Once PAHs from nature or anthropogenic activities enter aquatic environment, they may residue in the water, or bound to the sediment-associated phases due to their lipophilic characteristics and sediment adsorption (Yuan et al. 2014; Gao et al. 2011; Zhu et al. 2014). Therefore, sediment–water partitioning of PAHs is one of the dominant processes of controlling the fate of PAHs in the aquatic environment (Guo et al. 2009). The knowledge of sediment–water partitioning of PAHs would be important to develop water and sediment quality criteria, but the most studies focus on the concentration levels and pollution status of PAHs in aquatic environment (Wu et al. 2010), the information on partitioning of PAHs in sediment–water system is still limited.

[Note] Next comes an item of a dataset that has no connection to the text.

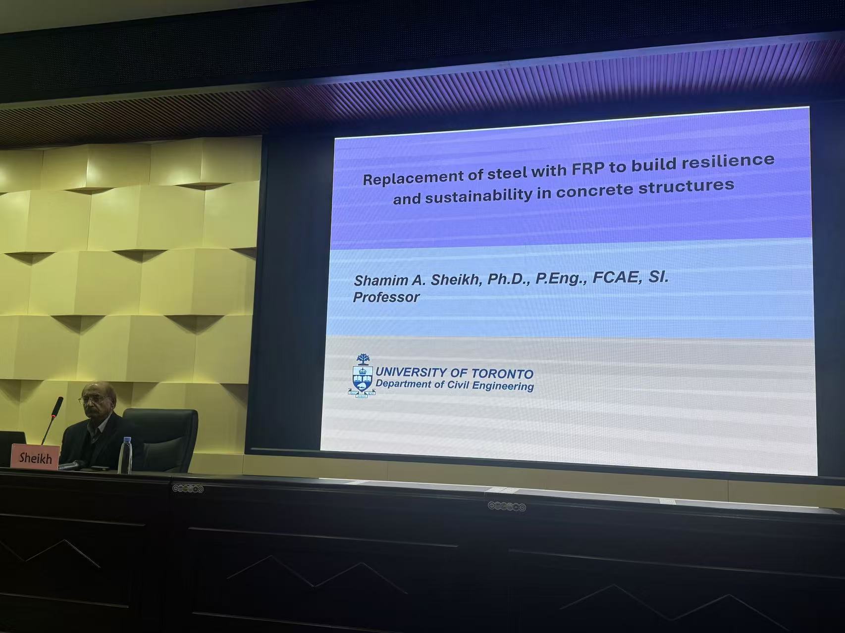 11月19日,加拿大工程院院士Sheikh教授应邀为我校土木工程学院教师和研究生做了题为“Replacement of steel with FRP to build resilience and sustainability in concrete structures”的学术报告。报告在土木工程学院101报告厅召开,由土木工程学院院长钱辉主持。

Yinma River Basin spanning from 43°0′N to 45°0′N and from 124°30′E to 126°0′E, is located in the middle part of Jilin Province, China. Yinma River Basin with an area of 174,000 km2 provides domestic water with local residents and irrigates farmlands. However, in recent decades, with rapid development of urbanization, industrialization and agriculture, the pollution from industrial discharges, oil-related activities, vehicular emissions and agricultural runoffs, has increased greatly. These human activities are all possible sources of PAHs which may pose adverse effects on human body and aquatic organisms (Guo et al. 2009). Although the information on spatial distribution, partitioning and sources of PAHs in aquatic environment is important to water and sediment pollution control strategies and quality criteria, to our best knowledge, no or very few studies on this issue have been reported for this region.

Accordingly, the objectives of this study are to: (1) investigate occurrence and distribution characteristics of 16 PAHs in the water and sediment and evaluate the influences of sediment and water properties on PAH distribution, (2) illustrate partitioning of PAHs in sediment–water system, (3) identify primary sources of PAHs with the ratios of selected PAHs, and (4) assess environmental health risk of the exposure of 16 PAHs in the water and sediment.

Materials and methods

Study area and sample collection

Yinma River Basin (43°0′N–45°0′N, 124°30′E–126°0′E) located in Jilin Province of China is primary water source for domestic water supply with local residents and irrigation of farmlands in the region. In dry season, undiluted discharged industrial and domestic wastewater may induce severe contamination; therefore, dry season was selected as study period.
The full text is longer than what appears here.